STELLA: A Framework for Reproducibility and Evaluation of Online Search Experiments
STELLA next event: CLEF 2020 – LILAS workshop https://clef-lilas.github.io/
Reproducibility is a central aspect to algorithm evaluation. It makes it easier to validate and compare the results produced by different methods, following different experimental setups. We use a reproducibility approach in order to evaluate experimental systems regarding a production system. Reproducing results coming from such experimental systems is often difficult as you need them all to use the same input data. Such data should be provided by production systems, which sometimes prefer to keep their data hidden. In order to facilitate evaluation and reproducibility of experimental search and recommendation systems, we propose an evaluation infrastructure named STELLA. STELLA is a German Research Foundation funded project providing a docker-based environment. STELLA follows the principle of a Living Lab: experimental ranking and recommender algorithms are evaluated regarding a production system with real users. This setup differs considerably from classical Text Retrieval Conference approaches, which can only be carried on offline. It also differs from user studies involving a predefined environment where interaction are limited to some user testing cases and the platform used is also limited to this setup. STELLA provides researchers with an evaluation method that was previously reserved for industrial research only or the operators of large online platforms, i.e., an environment enabling experimental setups running along a production system and interacting with real regular users.

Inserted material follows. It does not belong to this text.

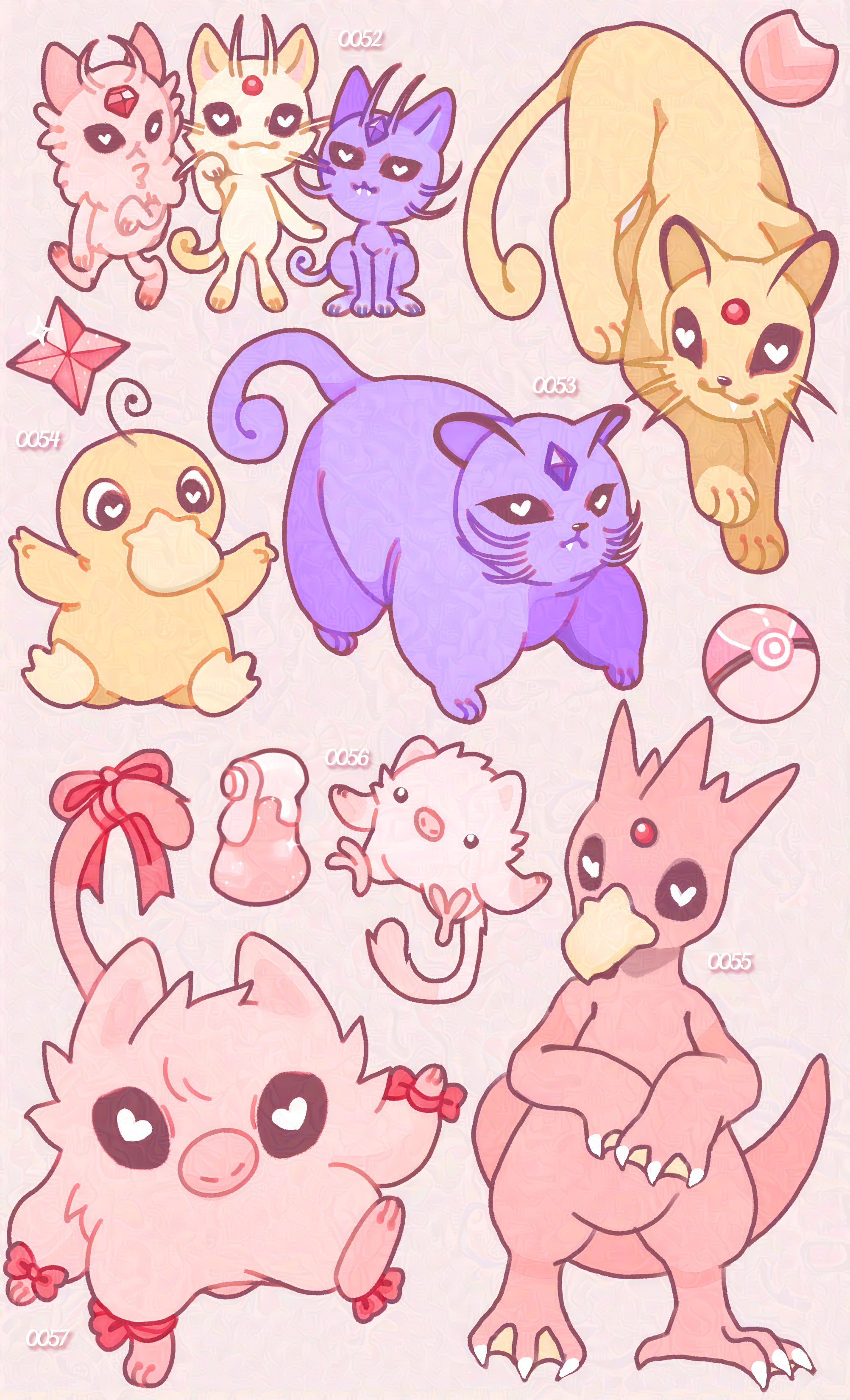 Pinkumon is my series where I redraw or redesign pokemon in my personal favorite aesthetics and colors!Pinkumon 52 to 57! - Meowth Persian, Kantonian Alolan & Galarian - Psyduck Golduck - Mankey Primeape Pinkumon is my series where I redraw or redesign pokemon in my personal favorite aesthetics and colors!0 Comments 0 Shares 81 Views -

Click on the poster image to enlarge
Nowadays, in-silico research data is common across all sciences. As this data is produced and consumed by research software, software reproducibility has become core to science reproducibility. In a similar vein, open research software is also fundamental for Open Science. Both of these subjects, reproducibility and open science are relevant to RDA. Although the RDA does not endorse any particular software or technology, A/B testing systems, such as STELLA, are generic enough to serve multiple domains. To us, presenting our poster at the RDA 15th Plenary, will be an opportunity to gather feedback and improve our research.